А на крыльце показалась Анфиска-шинкарка, и он снова удивился: за те две недели, что они не виделись, эта шлюшка похудела и похорошела. На правом плече корчмарка держала железный самострел и сошки от большой пищали, через левое плечо у нее были перекинуты пояс с висевшей на нем саблей и широкая перевязь немца-пищальника. Столкнув с крыльца Спирьку, она бестрепетно прошла по ошметкам засохшей, свернувшейся крови.

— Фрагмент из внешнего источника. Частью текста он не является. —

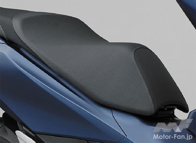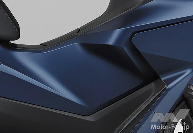 石田:外装に関しては、四代目から内部部品の配置を見直したことにより、フロントサイドカバーの左右幅を狭めることができ、足元の防風性能を損なうことなく開放感も両立させました。具体的には、フロアに足を乗せた際にスネのあたりとつま先のスペースが広くなっているのを感じて頂けると思います。
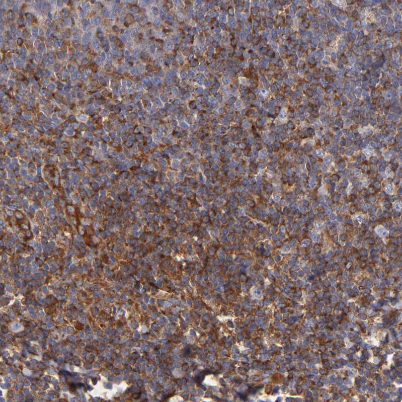 Immunohistochemical staining of human small intestine shows strong cytoplasmic positivity in glandular cells.
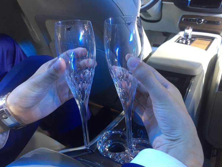 余锋滔滔不绝地介绍这款车:“除了以上功能,在总裁位置旁边打造了娱乐区域,安放了一块加热或者制冷的杯托和杯架,杯架上有两个瑞士皇家御用水晶杯,都是配好的,同时准备了两块小桌板,就像飞机里小桌板的样子;小桌板的后面是小型酒窖,可以同时容纳两瓶750毫升的香槟,打造路上头等舱的感觉。”
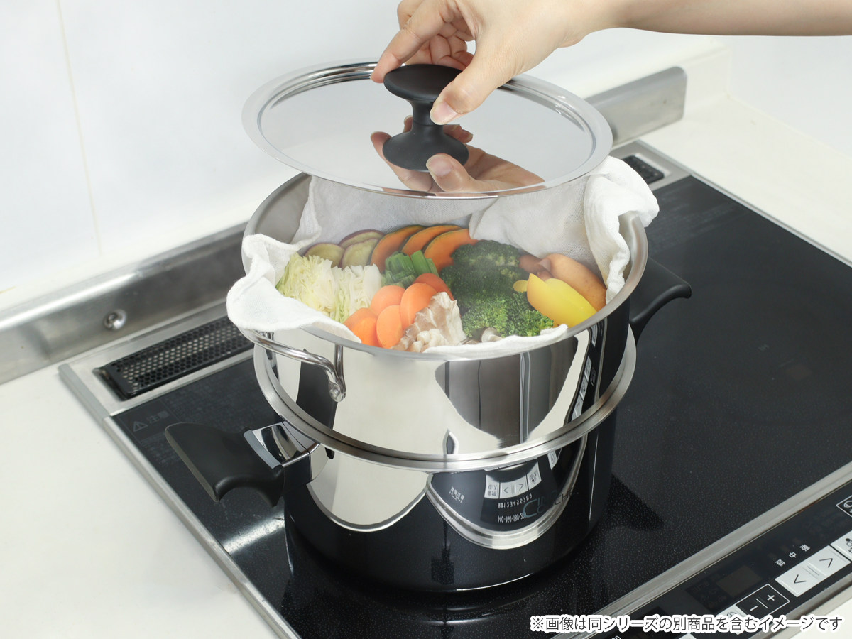 サンク・クーシュシリーズは18cm・20cm・22cm・24cmのスチーマー(別売り)をご用意しております。同サイズの鍋と合わせてお使いください。
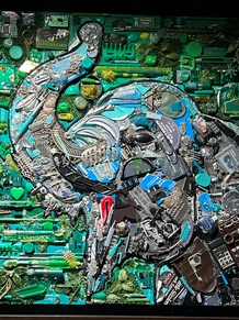 We proberen tussendoor ook wat vaker de trap te nemen, want alles is even lekker hier. Geen straf, want in de trappenhallen hangen overal prachtige kunstwerken. De dieren van afvalmateriaal zijn bij ons favoriet.
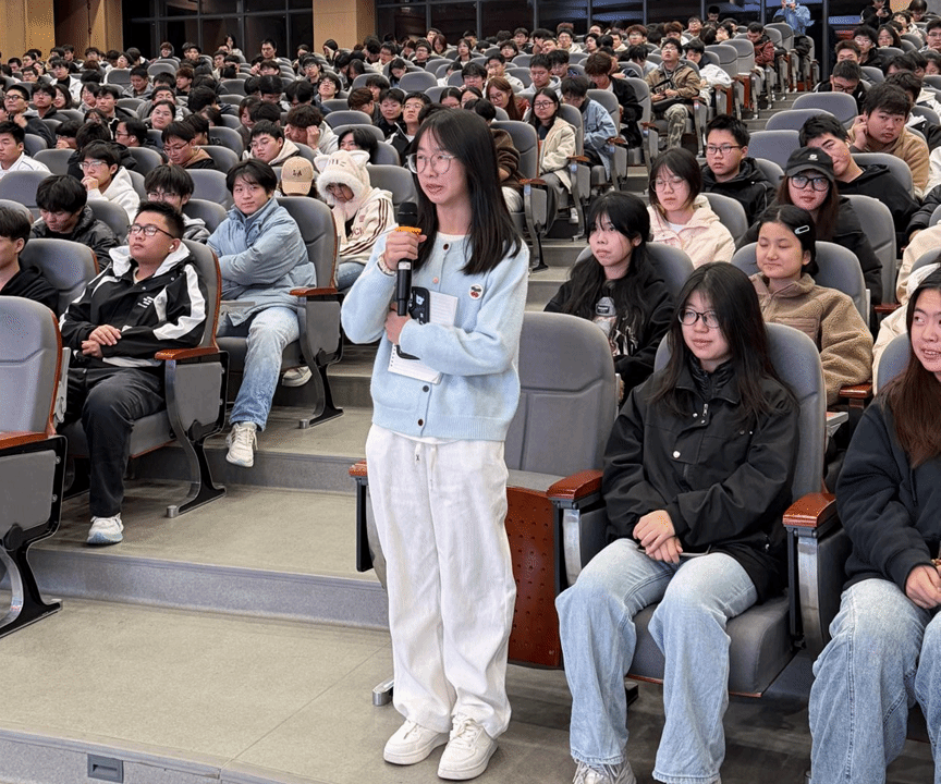 讲座还深入探讨了广度和深度的“T字型”复合能力的构建,倡导学生既要拓展跨界视野、提升综合素养,也要在专业领域深耕而不浮于表面。此外,夏彪老师还分享了“态度决定命运、气度决定格局、底蕴厚度决定事业高度”的人生智慧,鼓励学生“仰望星空,脚踏实地”,以专注的信念与持续的积累迎接未来的挑战。

Протер Сопун глаза (резало их немилосердно от ночного дыма да недосыпа) и присвистнул — потому что вовсе не Анфиска подходила к его укрытию, а Зелёнка в Анфискиной вышитой шубке и красных сапожках, набеленная и нарумяненная. Присвистнул еще раз, оглянулся виновато, и вспомнилось: некому уже шумнуть на него, чтобы рухлядь из избы не высвистывал.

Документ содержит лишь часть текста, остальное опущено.